- _TASK INSTRUCTIONS_
Where a picture appears in the data below, exclude it; restate everything else word for word.
---------- DATA BELOW
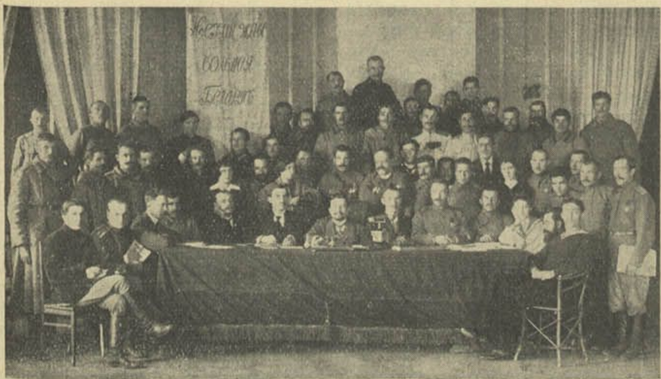
Вялікая Беларуская Рада, якая склікала ў 1917 г. у Менску Усебеларускі Кангрэс, каторы апісвае ў „Шляху Моладзі“ ведамы беларускі пісьменьнік і ўчаснік Кангрэсу Краўцоў Макара.

Вельмі цікавую прамову ў Сейме сказала 10.II пасолка В. Пэлчынская, каторая між іншым гэтак гаварыла: Польшч прызначана на тое, каб быць арганізатаркай вялікай працы на ўсходзе Эўропы, каб быць апорай заходняй хрысьціянскай культуры, апёртай на вольным чалавеку і на вольных і незалежных дзяржаўных арганізмах. Гэткая польская місія выцякае з ідэі ягайлаўскай і з духа Маршалка Я. Пілсудзкага. Гэткая палітыка мае вялікія магчымасьці спалучэньня украінскага, беларускага і літоўскага насельніцтва з Рэчыпаспалітай. Дзеля гэтага трэба адпаведнага пляну і трэба
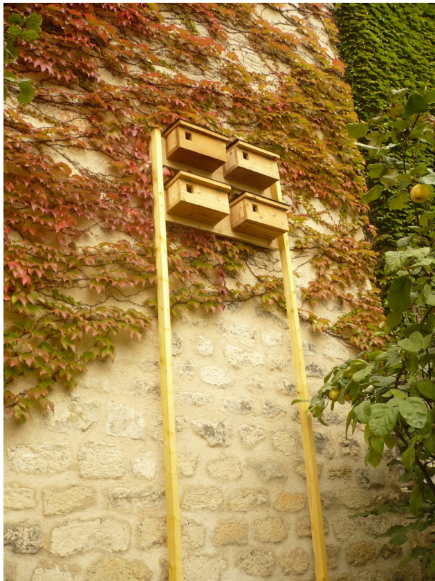
Nichoires, Lapin ouvrier, Paris 14e
--------------------
- _EXERCISE ANSWER_
Вялікая Беларуская Рада, якая склікала ў 1917 г. у Менску Усебеларускі Кангрэс, каторы апісвае ў „Шляху Моладзі“ ведамы беларускі пісьменьнік і ўчаснік Кангрэсу Краўцоў Макара.

Вельмі цікавую прамову ў Сейме сказала 10.II пасолка В. Пэлчынская, каторая між іншым гэтак гаварыла: Польшч прызначана на тое, каб быць арганізатаркай вялікай працы на ўсходзе Эўропы, каб быць апорай заходняй хрысьціянскай культуры, апёртай на вольным чалавеку і на вольных і незалежных дзяржаўных арганізмах. Гэткая польская місія выцякае з ідэі ягайлаўскай і з духа Маршалка Я. Пілсудзкага. Гэткая палітыка мае вялікія магчымасьці спалучэньня украінскага, беларускага і літоўскага насельніцтва з Рэчыпаспалітай. Дзеля гэтага трэба адпаведнага пляну і трэба
Nichoires, Lapin ouvrier, Paris 14e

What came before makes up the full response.